Both Automatic Remediation and Incident Response integrate seamlessly with other Barracuda Networks features, including:
- Email Gateway Defense
- Impersonation Protection
- DNS Filtering (part of Barracuda Cloud Security)
Email Gateway Defense
There are multiple points of integration with Email Gateway Defense. For more information, refer to Email Gateway Defense.
Reporting Suspicious Emails
There are two methods by which users and administrators can send suspicious messages to Incident Response:
- In the Email Gateway Defense Message Log, you can mark an email as incorrectly delivered.
- In the Outlook plugin, you can report an email as suspicious.
This information is displayed in the User-Reported Emails page and is described in User-Reported Emails.
Reporting a Message as Incorrectly Delivered
In the Message Log
Administrators reviewing message logs within Email Gateway Defense might notice that there is suspicious email. Messages marked as Incorrectly Delivered are reported both to Barracuda Central and to Incident Response, where they can be investigated.
To report email as incorrectly delivered, select a message in the Message Log and click Report as Incorrectly Delivered above the message preview.
For more information, refer to Understanding the Message Log in the Email Gateway Defense documentation.
Reporting a Message as Suspicious
Using the Reporting Button in the Outlook Plugin
Within the Barracuda Outlook Add-In, users can report suspicious emails, as shown below. This allows end users to be active participants in reporting phishing and spear phishing emails. These reports go to Barracuda Central and Incident Response. Administrators of Incident Response can investigate these end-user reported emails, create incidents, and take corrective action.
For more information, refer to Barracuda Outlook Add-In User Guide.
Finding Similar Suspicious Messages
If you find a questionable email in the Email Gateway Defense message log, you can move seamlessly from Email Gateway Defense to Incident Response to investigate it.
To find messages similar to the questionable email:
- Log into Email Gateway Defense as an administrator.

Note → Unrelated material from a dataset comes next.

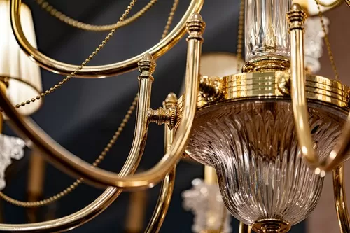 Эта изысканная и элегантная коллекция люстр, бра, настольных ламп и торшеров идеально сочетает в себе тонкую латунь и хрусталь с изящными формами. Абажуры, которые дополняют его, могут быть в кремовой органзе или в шаньтунге. Отделка и размеры по запросу клиента.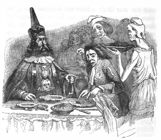 Here we see Gulliver dining with the Governor of Glubbdubdrib, who was a necromancer. Over dinner Gulliver tells the Governor about his time on Balnibarbi. The dinner was served by ghosts, and Gulliver is visibly uncomfortable. Gulliver tells us that over time he became used to the sight of the ghosts. The ghosts are very skeletal and gaunt, and the Governor could make them disappear with a snap of his fingers. The Governor wears robes with a skull and an owl on the front, and a pointed cap. The same image appears in the 1839 Krabbe edition.

- In the Message Log, find the questionable email and click it to view its details.
- Click Search for similar messages. The Incident Response wizard opens in a new browser tab.
- Continue with the wizard, as described in Creating an Incident. Note that the fields in the wizard are pre-populated with the information from the email in the message log.
For more information, refer to Understanding the Message Log in the Email Gateway Defense documentation.
Creating Sender Policies
As a remediation action, you can choose to quarantine or block future emails from one or more specific senders or from an entire domain. This action creates a policy in Email Gateway Defense, marked as originating from Incident Response.
This remediation action is described as part of the wizard instructions in Creating an Incident.
Users Involved / Link Protection
The Link Protection feature in Email Gateway Defense is required for the functionality of the Users Involved feature. When viewing an incident, click the Users tab to see the users that might be affected by the incident.
Ensure that the Link Protection feature is turned ON for the appropriate accounts and domains.
Configuring Email Gateway Defense for Integration
The following settings are required if you are using Incident Response with Email Gateway Defense to take advantage of the functionality described above.
Verified Domains
Verifying domains is essential for mail to flow through Email Gateway Defense and, in turn, for Incident Response to work with the emails. As described in Understanding the Domains Page, each of the domains where you want to filter email must be verified by Email Gateway Defense for proof of ownership; Email Gateway Defense does not process email for a domain until the verification process is complete. See Understanding the Domains Page and the deployment process for your specific platform for more details.
Link Protection Feature
As described above, the Link Protection feature in Email Gateway Defense is required for the functionality of the Users Involved feature.
If Link Protection is turned OFF when a suspicious email is received, users that are potentially affected by that incident might not be listed as Users Involved and might not receive the proper remediation and attention.
Link Protection must be turned ON when emails are received to provide complete results for Users Involved for a specific incident. Turning Link Protect ON after a suspicious email has already been received will not change the Users Involved results for an incident involving that email.
Web Traffic Filtering (part of Barracuda CloudGen Access)
Blocking Web Traffic
As a remediation action, you can choose to block traffic from an entire domain. This action automatically creates a policy in Web Security (part of Barracuda CloudGen Access), marked as originating from Incident Response.
This remediation action is described as part of the wizard instructions in Creating an Incident.
After you configure Web Security within Barracuda CloudGen Access, it will also shield your organization from emails sent from entire domains or categories of domains, resulting in your having to create fewer incidents. For more information, see Incident Response and Creating Policies With Barracuda CloudGen Access, part of the Barracuda CloudGen Access documentation.
Impersonation Protection
Impersonation Protection calls Incident Response for the following activity:
Searching for Similar Issues
When viewing the details of an attack, you can click Search for Similar Issues to find issues similar to the attack you are currently viewing.
Security Awareness Training
Incident Response can create a group of users involved in an incident and send it to Barracuda Security Awareness Training (SAT). SAT can use this list to:
- Train users to recognize malicious emails.
- Provide follow up testing.
- Analyze results with advanced metrics and reporting.